Deep Learning for Human Brain Mapping

Ariel is a data scientist and hacker who runs the NeuroHackademy, a bootcamp for neuroimagers to gain skills while doing code sprints on a variety of innovative projects pushing the limits of brain mapping. An instructor with Data/Software Carpentry since 2013, he's a strong believer in using hackathons for education, and is particularly interested in using structural MR imaging to map the brain.

Patrick uses deep learning combined with Baysian probabilistic modeling to not only improve results in contexts of medical image segmentation, but to also get a measure of uncertainty in predictions. While an expert in computer vision and machine learning, he has also worked in computational neuroscience, using deep learning networks to model the brain.

During his Master's in Biophotonics at CERVO Anthony developed machine learning techniques to help biologists investigate synaptic proteins at the nanoscale. He's particularly enthusiastic about applying cutting-edge deep learning techniques to help researchers uncover the wonders of our brain.

Amy is a master of computer vision who specializes in realistic data augmentation, transforming her input data to augment the space of realistic configurations they might appear in. She is a master of detecting weak signals in the presence of large noise sources, and is at the forefront of generative modeling for learning robust models with limited data.

In his early work Robin mapped the world, but he now maps the brain at the Neuromedical AI Lab Freiburg, with an emphasis on EEG. He is the lead developer of BrainDecode, a software library for deep learning-based EEG decoding. He also has work on pure deep learning research, with a particular focus on invertible network architectures that can potentially be used for more interpretable decoding than common approaches.

Yu is a neuroscientist devoted to developing machine learning tools to better understand human brain organization. Her previous work involves building a new brain atlas using diffusion and functional MRI. Her current research interest is to decode and simulate brain activities using deep artificial neural networks, with a special focus on graph-based modeling.

Adriana is on the forefront of machine learning research, and develops new methods to make deep learning more closely model the structure of the data.

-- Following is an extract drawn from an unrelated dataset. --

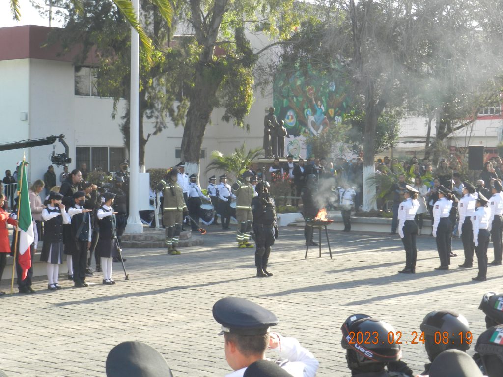 Desde temprana hora en la explanada municipal, se realizó este evento en donde el alcalde, Felipe Arvizu flanqueado por su cuerpo edilicio, directores, y colaboradores de esta administración 2022-2024, rindieron honores a la bandera con la ordenanza de ley; posteriormente, fue arriada de la monumental hasta bandera el lábaro patrio que culminó su vida útil; se rindió los honores de ordenanza y posteriormente fue incinerada delante de todos los asistentes a este evento.
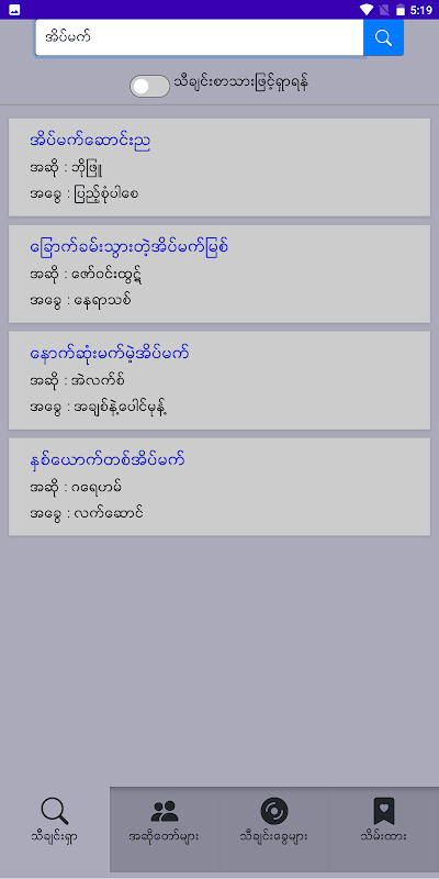 นี่คือคอลเลกชันที่สมบูรณ์ที่สุดของเนื้อเพลงพม่าและคอร์ดกีตาร์ เพลงเป็นชื่อเพลง, ชื่อนักร้อง คุณสามารถค้นหาตามชื่ออัลบั้มและเนื้อเพลงได้อย่างง่ายดาย

From networks producing parameters for genetics analysis to active acquisition for MRI reconstruction, Adriana pushes the limits of what's possible in biomedical sciences.

Vince was one of the first scientists to get deep learning to work at all in neuroimaging, and has applied it extensively to modeling functional magnetic resonance imaging to build better maps of the brain. His group has investigated comparatively rare models like deep Boltzmann machines and has investigated using deep learning for fusing modalities at multiple brain scales.

Ariel is a data scientist and hacker who runs the NeuroHackademy, a bootcamp for neuroimagers to gain skills while doing code sprints on a variety of innovative projects pushing the limits of brain mapping. An instructor with Data/Software Carpentry since 2013, he's a strong believer in using hackathons for education, and is particularly interested in using structural MR imaging to map the brain.

Saige studies neuro-development, and is interested in discovering low-dimensional representations that might predict how we grow. She uses deep learning and careful MR sequence design to characterize neo-natal brain growth in challenging segmentation environments and predict brain age as a biomarker for early detection of disorders and degeneration.

Hannah is a computer vision expert who uses big data to map the brain at the microscopic level. She is interested in how deep learning can help us characterize and discover the variability in the cytoarchitecture of our brains, and works on understanding the connectivity and laminar structure of the reconstructed histological data in the BigBrain.

Grace is interested in parallels between how biological neural circuits relate to artificial models. Using deep learning tools, she studies vision and attention, with a particular interest in how Hebbian learning in artificial networks is reflected in brain recording data. She is particularly strong at scientific communication, and her podcast offers listeners a gentle and accessible introduction to all things neuro.

Bliss is a computer scientist, statistician, and trained classical ballet dancer. He explores how deep generative models of biomedical data can be used to quantify variability between populations and improve statistical power analyses. He has also explored how machine learning techniques can be applied to characterize low dimensional connectome dynamics.

Anders is a computational guru whose extensive work parallelizing neuroimaging pipelines on GPUs made deep learning a natural extension of his research program. He's interested in pushing the limits of generative neural network models to fill in missing modalities and scale large-scale neuroimaging research across incomplete datasets.

Steffen records high-resolution magnetic resonance imaging to create quantitative susceptibility maps that reflect information on biological tissue properties, predominantly myelin, iron and calcium. He uses deep learning to estimate these maps to study neurodegenerative diseases.

Jakob has innovatively applied standard deep learning segmentation techniques hierarchically to produce maps of individual tracts in diffusion MRI. He is extending this so that it easily generalizes to other problems and these deep architectures are more accessible for researchers to be able to adapt them to their specific use cases.

Andrew teaches neuroimagers the basics (and advanced) of deep learning methods in order to recruit collaborators who will teach him some neuroscience. This year, he co-organized hands-on educational courses at Resting State and Brain Connectivity, the Montreal Artificial Intelligence and Neuroscience conference, and introduced deep learning as an instructor at the BrainHack Summer School.